Start of DATA SUPPLIED

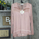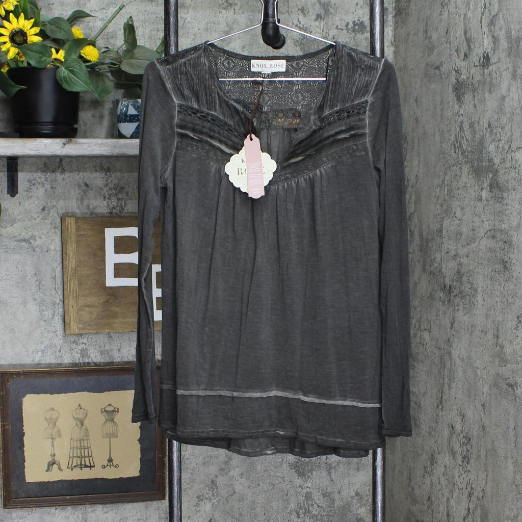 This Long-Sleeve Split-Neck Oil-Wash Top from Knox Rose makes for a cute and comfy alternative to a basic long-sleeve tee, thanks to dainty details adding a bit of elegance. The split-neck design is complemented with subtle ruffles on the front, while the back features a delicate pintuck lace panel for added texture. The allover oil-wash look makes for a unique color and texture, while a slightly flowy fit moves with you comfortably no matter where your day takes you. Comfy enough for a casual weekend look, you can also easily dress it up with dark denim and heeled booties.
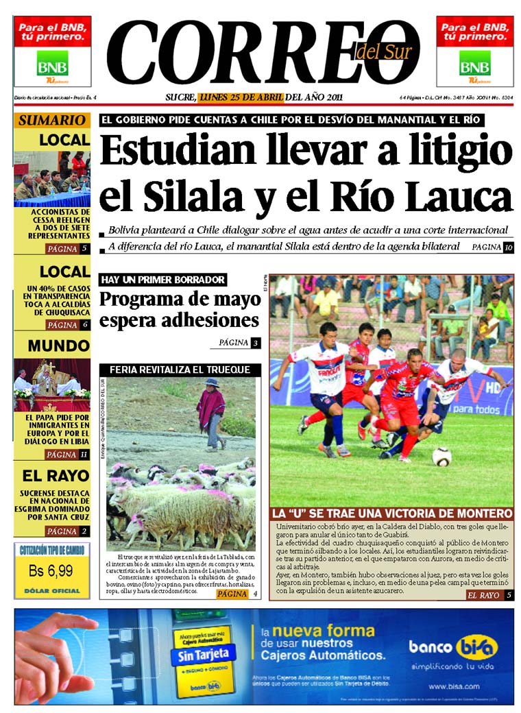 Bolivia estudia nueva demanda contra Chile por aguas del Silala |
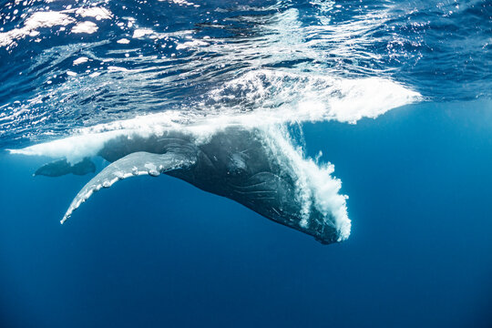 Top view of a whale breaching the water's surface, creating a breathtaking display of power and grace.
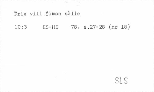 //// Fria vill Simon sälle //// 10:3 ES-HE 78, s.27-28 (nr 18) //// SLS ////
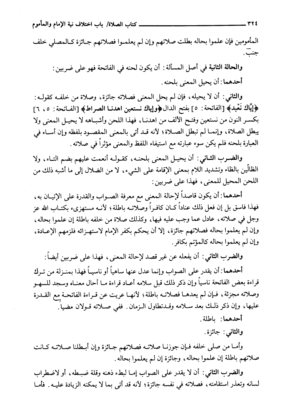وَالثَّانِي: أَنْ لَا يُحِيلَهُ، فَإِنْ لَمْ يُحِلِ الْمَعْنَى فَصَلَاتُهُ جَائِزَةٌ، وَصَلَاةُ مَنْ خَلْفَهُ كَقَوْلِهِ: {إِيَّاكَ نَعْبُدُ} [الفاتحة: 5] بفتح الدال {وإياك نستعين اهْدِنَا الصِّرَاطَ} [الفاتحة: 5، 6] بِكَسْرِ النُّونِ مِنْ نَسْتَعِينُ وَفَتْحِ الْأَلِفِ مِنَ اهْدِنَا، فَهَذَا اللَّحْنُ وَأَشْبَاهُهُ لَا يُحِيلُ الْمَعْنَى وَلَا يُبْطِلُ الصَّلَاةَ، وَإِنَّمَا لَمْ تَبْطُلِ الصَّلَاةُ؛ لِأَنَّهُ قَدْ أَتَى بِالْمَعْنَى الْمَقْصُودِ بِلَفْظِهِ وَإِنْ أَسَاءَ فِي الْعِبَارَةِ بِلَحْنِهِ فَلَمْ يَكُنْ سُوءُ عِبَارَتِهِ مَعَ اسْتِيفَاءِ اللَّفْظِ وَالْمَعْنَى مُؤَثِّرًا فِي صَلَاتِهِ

End of DATA SUPPLIED

HOW TO COMPLETE THIS TASK: Copy each line above exactly, with no images.

TASK ANSWER:
 This Long-Sleeve Split-Neck Oil-Wash Top from Knox Rose makes for a cute and comfy alternative to a basic long-sleeve tee, thanks to dainty details adding a bit of elegance. The split-neck design is complemented with subtle ruffles on the front, while the back features a delicate pintuck lace panel for added texture. The allover oil-wash look makes for a unique color and texture, while a slightly flowy fit moves with you comfortably no matter where your day takes you. Comfy enough for a casual weekend look, you can also easily dress it up with dark denim and heeled booties.
 Bolivia estudia nueva demanda contra Chile por aguas del Silala |
 Top view of a whale breaching the water's surface, creating a breathtaking display of power and grace.
 //// Fria vill Simon sälle //// 10:3 ES-HE 78, s.27-28 (nr 18) //// SLS ////
وَالثَّانِي: أَنْ لَا يُحِيلَهُ، فَإِنْ لَمْ يُحِلِ الْمَعْنَى فَصَلَاتُهُ جَائِزَةٌ، وَصَلَاةُ مَنْ خَلْفَهُ كَقَوْلِهِ: {إِيَّاكَ نَعْبُدُ} [الفاتحة: 5] بفتح الدال {وإياك نستعين اهْدِنَا الصِّرَاطَ} [الفاتحة: 5، 6] بِكَسْرِ النُّونِ مِنْ نَسْتَعِينُ وَفَتْحِ الْأَلِفِ مِنَ اهْدِنَا، فَهَذَا اللَّحْنُ وَأَشْبَاهُهُ لَا يُحِيلُ الْمَعْنَى وَلَا يُبْطِلُ الصَّلَاةَ، وَإِنَّمَا لَمْ تَبْطُلِ الصَّلَاةُ؛ لِأَنَّهُ قَدْ أَتَى بِالْمَعْنَى الْمَقْصُودِ بِلَفْظِهِ وَإِنْ أَسَاءَ فِي الْعِبَارَةِ بِلَحْنِهِ فَلَمْ يَكُنْ سُوءُ عِبَارَتِهِ مَعَ اسْتِيفَاءِ اللَّفْظِ وَالْمَعْنَى مُؤَثِّرًا فِي صَلَاتِهِ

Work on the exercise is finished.